HOUSTON (March 11, 1996) -- Texas Instruments today announced eight semi-finalists in the company's DSP Solutions Challenge, a contest to encourage engineering students worldwide to learn about and use digital technology. The contest will award a grand prize of US$100,000 to be shared by the winning team of students for the most innovative design using digital signal processing (DSP) devices. The eight semi-finalist teams are the University of California at Berkeley and the University of Maryland from the Unites States, Canada's University of Saskatchewan, Ecole Francaise d'Electronique et d'Informatique (EFREI) and Tampere Institute of Technology from Europe, Osaka University and Musashi Institute of Technology of Japan, and Singapore's Nanyang Technological University.
The insatiable worldwide demand for a workforce skilled in the development of advanced semiconductors, such as digital signal processing solutions, prompted TI to create the DSP Solutions Challenge. The contest is one of several innovative TI programs supporting higher education.
TI received entries from more than 230 teams representing 700 students from 26 countries. Among the eight winning entries, judged on their overall design creativity and applicability to real world needs, were an automotive sound system, a Doppler radar system, and a motion picture restoration system.
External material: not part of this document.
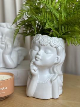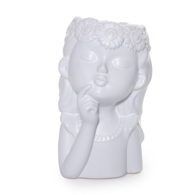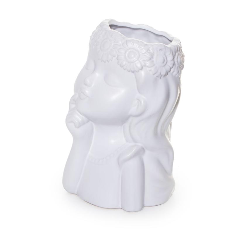 Описание Ваза керамическая Девочка с венком белая 21х12см

"The first and most critical phase of the TI DSP Solutions Challenge is complete," said Michael Hames, vice president, TI semiconductor group and worldwide DSP manager. "When we announced the contest, we said we were looking to the engineers of the future for the applications of tomorrow. We viewed the contest as a way to help students worldwide prepare to work with advanced technologies. The number of students who entered tells me we are on our way to successfully achieving our goal."
DSPs are high-speed, math-intensive, programmable integrated circuits or chips that are revolutionizing electronics in the '90s, much as the microprocessor did computers in the '80s. A DSP, which can add and multiply tens of millions of complex formulae per second, is 10 to 50 times more powerful than other computer central processing units (CPUs). Digital signal processing is the technology at the heart of the digital revolution. DSP technology today has changed the way people live, learn, work and play by enabling the electronics industry to develop radically new products and improve existing ones. DSPs are in cellular communications (digital cellular phones), computer storage devices (hard disk drives), modems and personal computer (PC) multimedia. Texas Instruments is the world's leading provider of digital signal processing solutions, with a 44 percent market share in DSP, according to industry analyst Will Strauss, President of Forward Concepts.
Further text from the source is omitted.